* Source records

↓

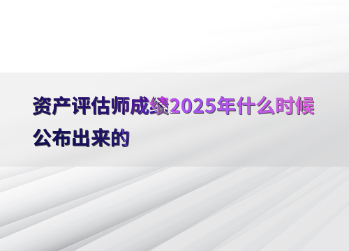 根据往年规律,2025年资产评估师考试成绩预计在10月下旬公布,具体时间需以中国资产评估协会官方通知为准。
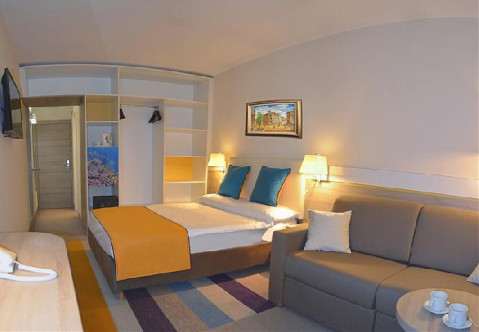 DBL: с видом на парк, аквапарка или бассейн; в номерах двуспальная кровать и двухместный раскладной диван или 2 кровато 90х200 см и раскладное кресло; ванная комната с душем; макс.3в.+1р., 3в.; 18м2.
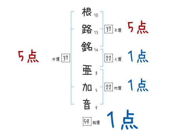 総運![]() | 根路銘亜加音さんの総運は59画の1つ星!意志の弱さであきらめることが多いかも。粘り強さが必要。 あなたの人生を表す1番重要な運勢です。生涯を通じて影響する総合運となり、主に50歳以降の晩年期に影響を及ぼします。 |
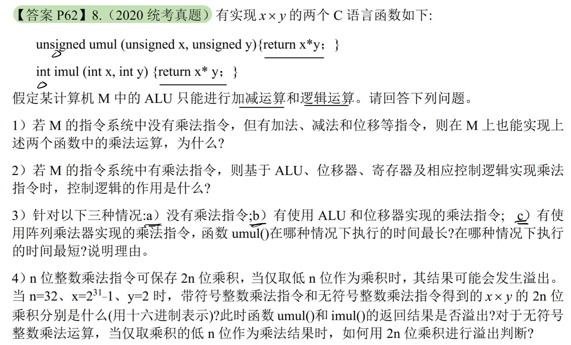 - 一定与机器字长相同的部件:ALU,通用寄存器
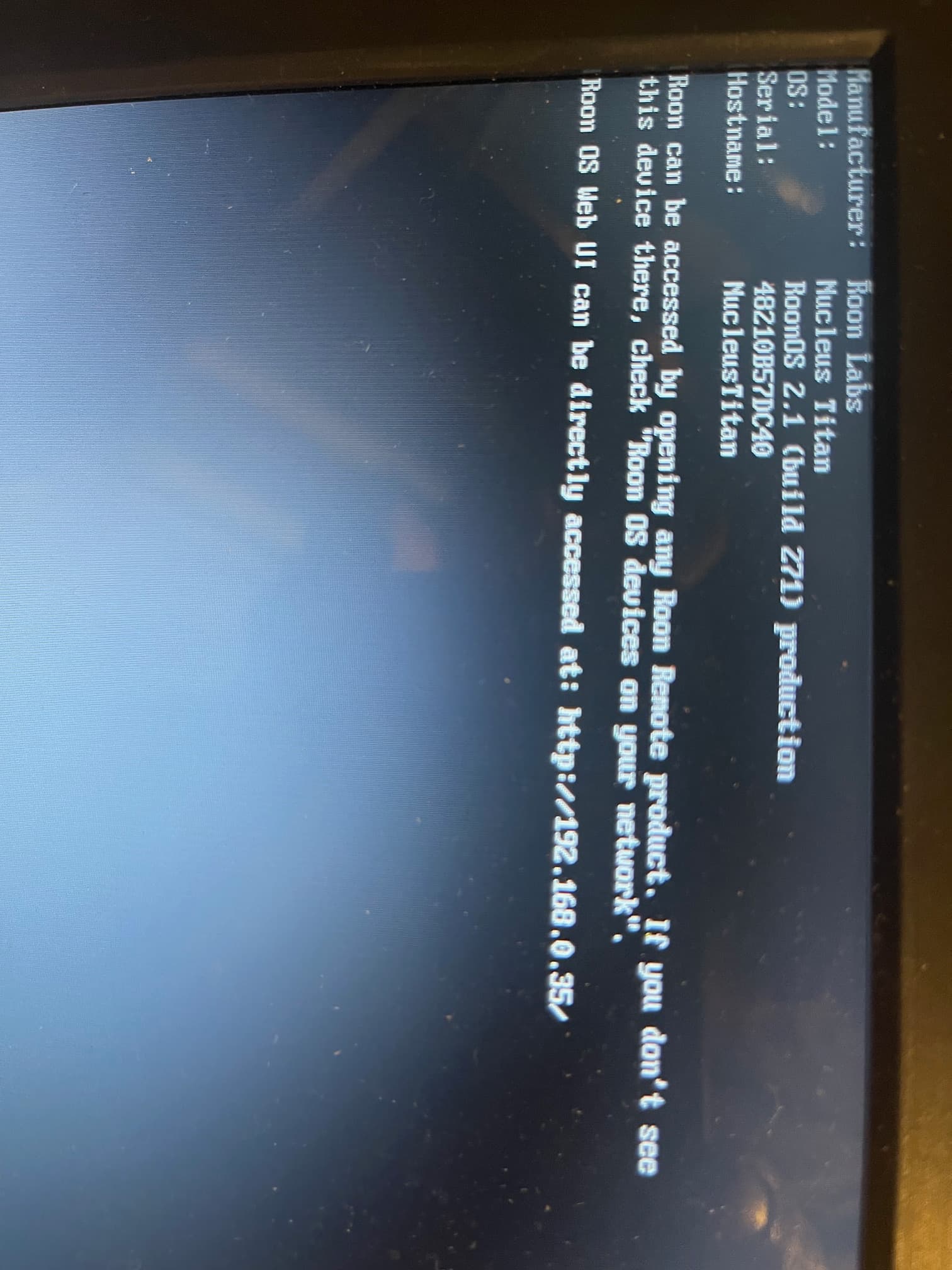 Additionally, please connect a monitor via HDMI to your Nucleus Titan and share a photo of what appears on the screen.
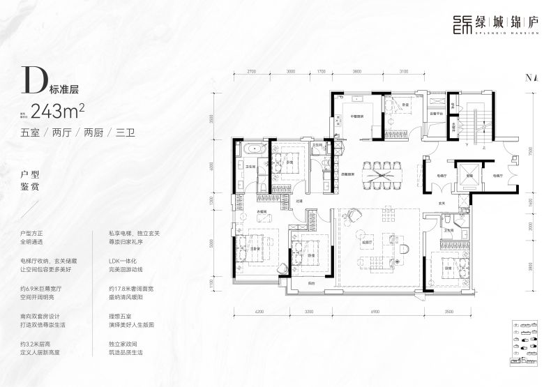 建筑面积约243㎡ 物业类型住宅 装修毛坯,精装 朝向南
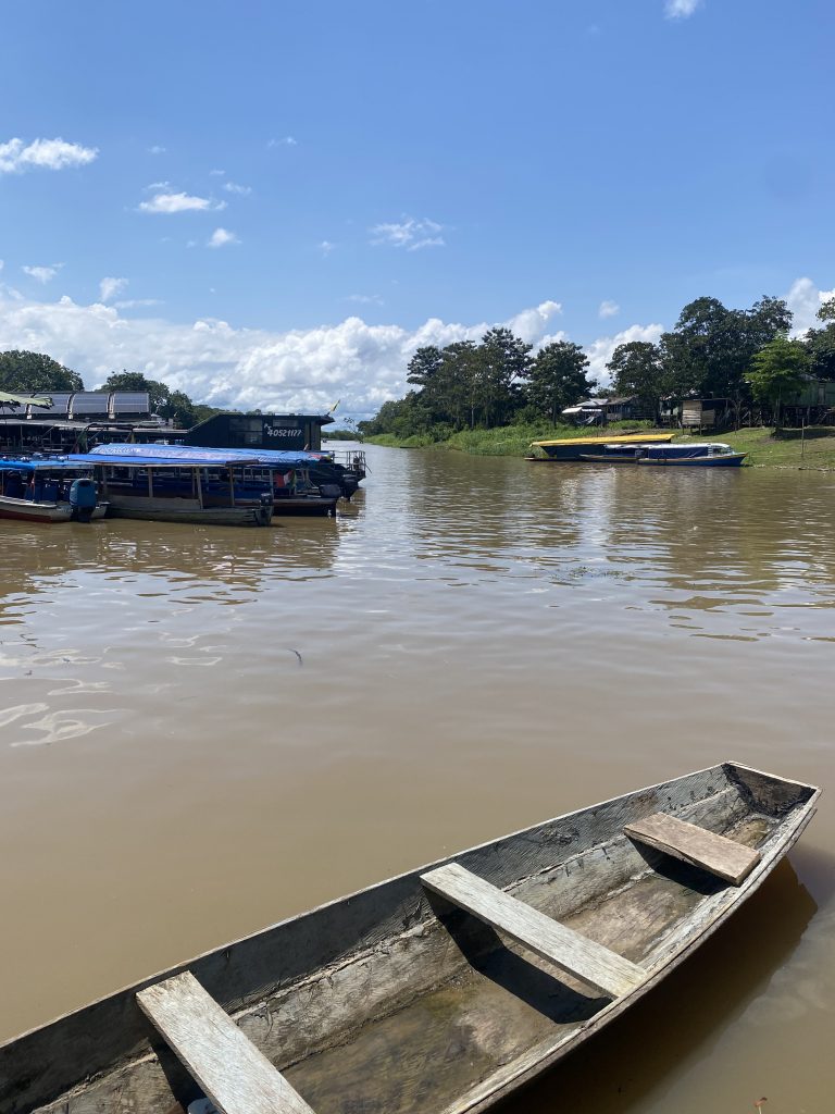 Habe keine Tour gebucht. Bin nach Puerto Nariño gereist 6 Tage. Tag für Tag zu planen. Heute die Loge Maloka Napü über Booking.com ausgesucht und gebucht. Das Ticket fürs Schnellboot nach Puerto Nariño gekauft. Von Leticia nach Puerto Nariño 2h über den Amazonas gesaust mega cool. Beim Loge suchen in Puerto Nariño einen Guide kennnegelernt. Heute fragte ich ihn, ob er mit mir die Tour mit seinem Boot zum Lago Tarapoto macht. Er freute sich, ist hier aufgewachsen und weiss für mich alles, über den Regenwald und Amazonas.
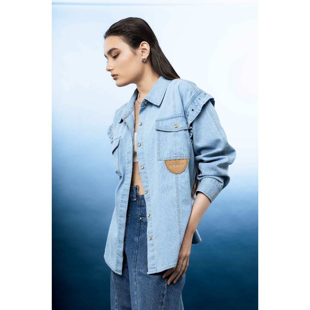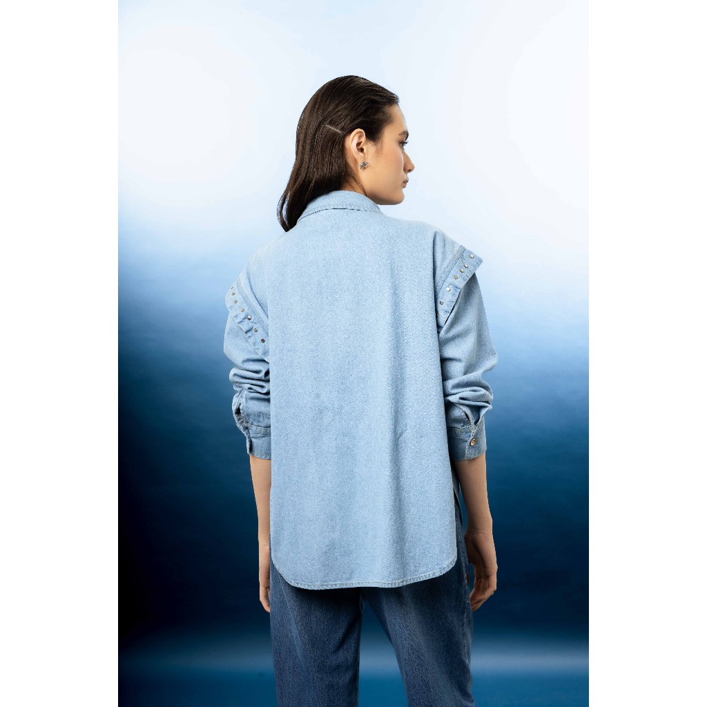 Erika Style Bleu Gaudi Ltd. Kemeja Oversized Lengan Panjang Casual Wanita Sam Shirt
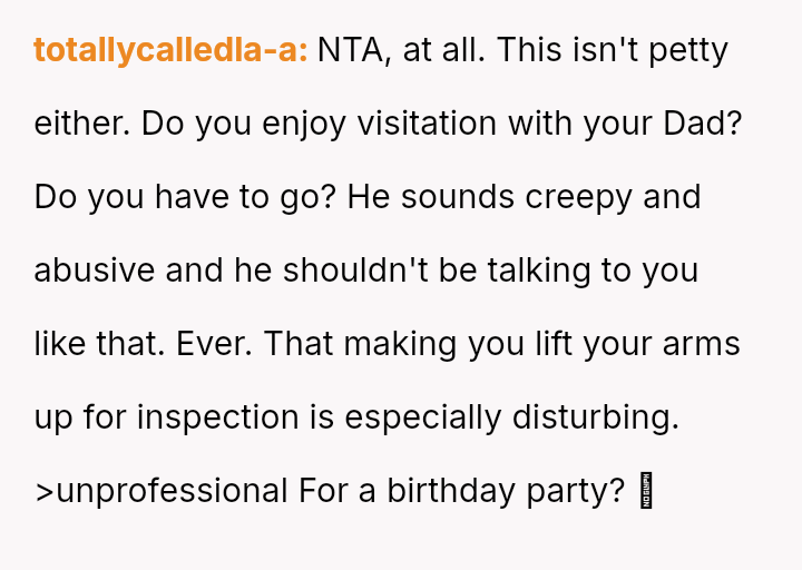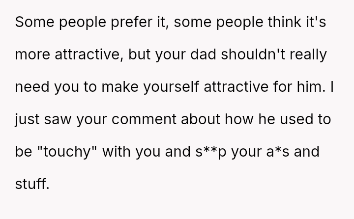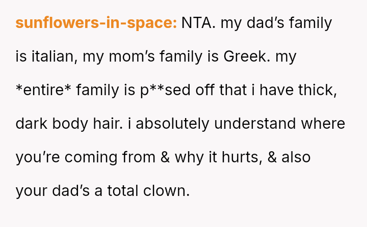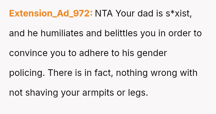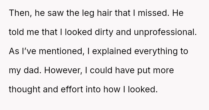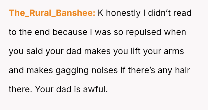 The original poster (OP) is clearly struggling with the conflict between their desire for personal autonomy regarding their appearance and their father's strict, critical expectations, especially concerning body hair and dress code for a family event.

↑

* What you are asked to do
Please repeat, exactly as written, the lines in the records above, starting with the one that has "DBL: с видом" and going on through the one that has "建筑面积约243㎡ 物业类型住宅 装修毛坯,精装 朝向南". Pictures are to be left out.

* Exercise output
 DBL: с видом на парк, аквапарка или бассейн; в номерах двуспальная кровать и двухместный раскладной диван или 2 кровато 90х200 см и раскладное кресло; ванная комната с душем; макс.3в.+1р., 3в.; 18м2.
 総運![]() | 根路銘亜加音さんの総運は59画の1つ星!意志の弱さであきらめることが多いかも。粘り強さが必要。 あなたの人生を表す1番重要な運勢です。生涯を通じて影響する総合運となり、主に50歳以降の晩年期に影響を及ぼします。 |
 - 一定与机器字长相同的部件:ALU,通用寄存器
 Additionally, please connect a monitor via HDMI to your Nucleus Titan and share a photo of what appears on the screen.
 建筑面积约243㎡ 物业类型住宅 装修毛坯,精装 朝向南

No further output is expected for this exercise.